Share your dilemmas and get honest opinions from other Mumsnetters.

To think that when you take your child on holiday with you....

49 replies

Amannlyed · 26/02/2010 12:56

You should at least let him out of the buggy once in a while?? And bring him at least one to play with???? Sorry, but I am goin to have a rant.

I have just come back from a week in Lanzarote with my DH and DD. We were with a friend and her family (met in birthing class, have DDs who are same age) She also has a son (who is now 15months)

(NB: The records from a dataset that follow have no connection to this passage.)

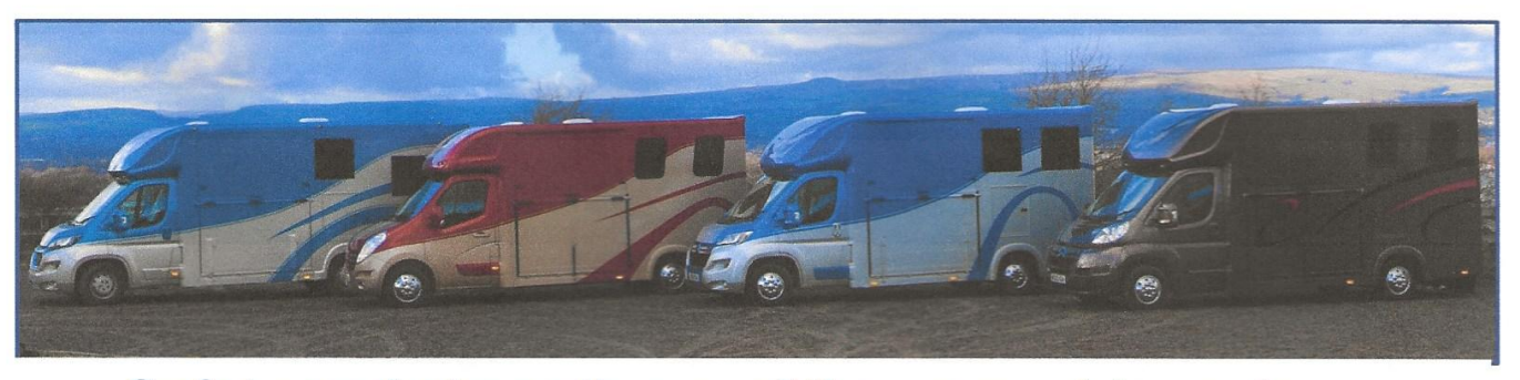
Safety and strength are of the upmost importance throughout our build.

Topline Horseboxes is a small family run business with over 25years experience manufacturing quality horseboxes.
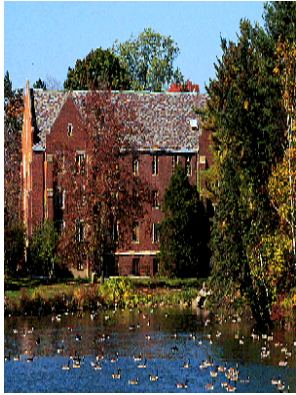
COLLEGE OF LIBERAL ARTS AND SCIENCES, UNIVERSITY OF CONNECTICUT
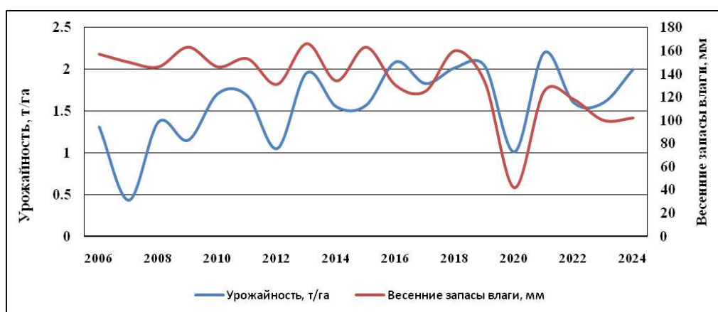
Figure 2. Correlation between spring productive moisture reserves and sunflower yield (Pearson coefficient r = 0.145 )

Rising air temperatures contribute to increased physical evaporation from the soil surface and plant transpiration, so in these conditions, the question of whether natural moisture supply allows sunflower to reveal its potential is of particular interest. From 2006 to 2018, spring reserves of productive moisture were within 130–166 mm, then sharp declines began, reaching a minimum (42 mm) in 2020 (Fig. 2). Agricultural producers believe that crop yields in most cases depend on spring reserves of productive moisture in the soil, but this was not confirmed in our studies (Fig. 2). Most likely, natural reserves of moisture supply in the soil have a greater impact on the effectiveness of fertilizer application in the early stages, thereby providing a good start for plant development.
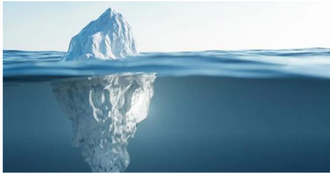
Investment Management Fee Survey
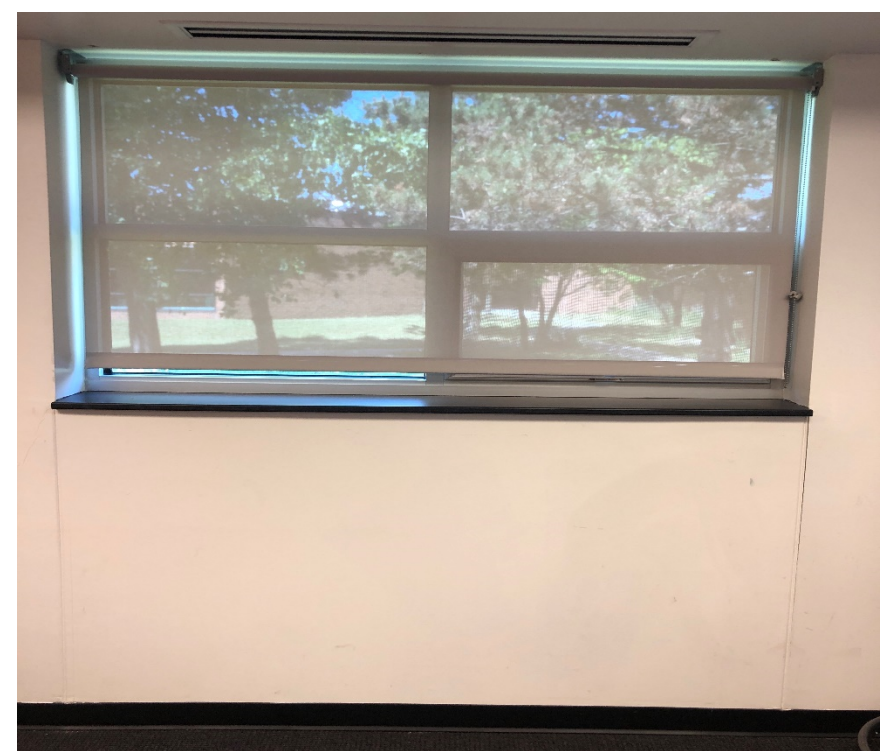
Oxford High School

Everyday we spent with them, their little boy was in his buggy. The only time they let him out was to put him in a high chair to feed him and to put him in his cot. The weather was very good, and while my DD and her DD got to go in the pool everyday and also into the sea (with their dads) He wasn't allowed into the pool or to put his feet into the sea, he was however, able to watch us all from the comfort of his buggy. He had no toys to play with, they didn't think they would need them but her DD had her toys with her. My friend had said that there wasn't enough room in the cases. Just in case you are wondering, for a weeks holiday in lanzarote, she brought 3 cases. But there wasn't enough room for a toy.

We were all staying in the same apartment complex and we had gone to their apartment for lunch, their boy was out of his buggy (yay) and was crawling around on the floor. He pulled himself up and stood against the table. I was encouraging him, along with his sister, to try and walk towards us. He was maanaging one step and then falling onto his bum. My friend said that we should stop as she didn't want him learning to walk just yet She would rather not spend the rest of the holiday chasing after him, and she was concerned that he would fall on the tiles and hurt himself.

On top of this he was having about 6 naps during the day and she spent the entire holiday moaning about how he wouldn't sleep at night, he just wanted to play. He would get up at 6:30am, they fed him, put him in his buggy and walked around with him along the beach etc, he would fall asleep. They would wake him at lunchtime to feed him, then he would go straight back into his buggy and would fall asleep. If he woke before 3pm, he would get rocked in the buggy til he went to sleep. He would then be taken to their apartment, where he would 'go down for a nap'. While she would complain that probably wouldn't sleep again tonight and how hard it was to keep him entertained etc etc. After his nap, he would be taken down to dinner, he would be given about ten minutes crawling about on the floor of the apartment and then put back in his buggy. No one was allowed to take him out of the buggy to play with him or hold him. At 7pm it would be time for his bed. Surprisingly, he was never tired at this point and just wanted to play.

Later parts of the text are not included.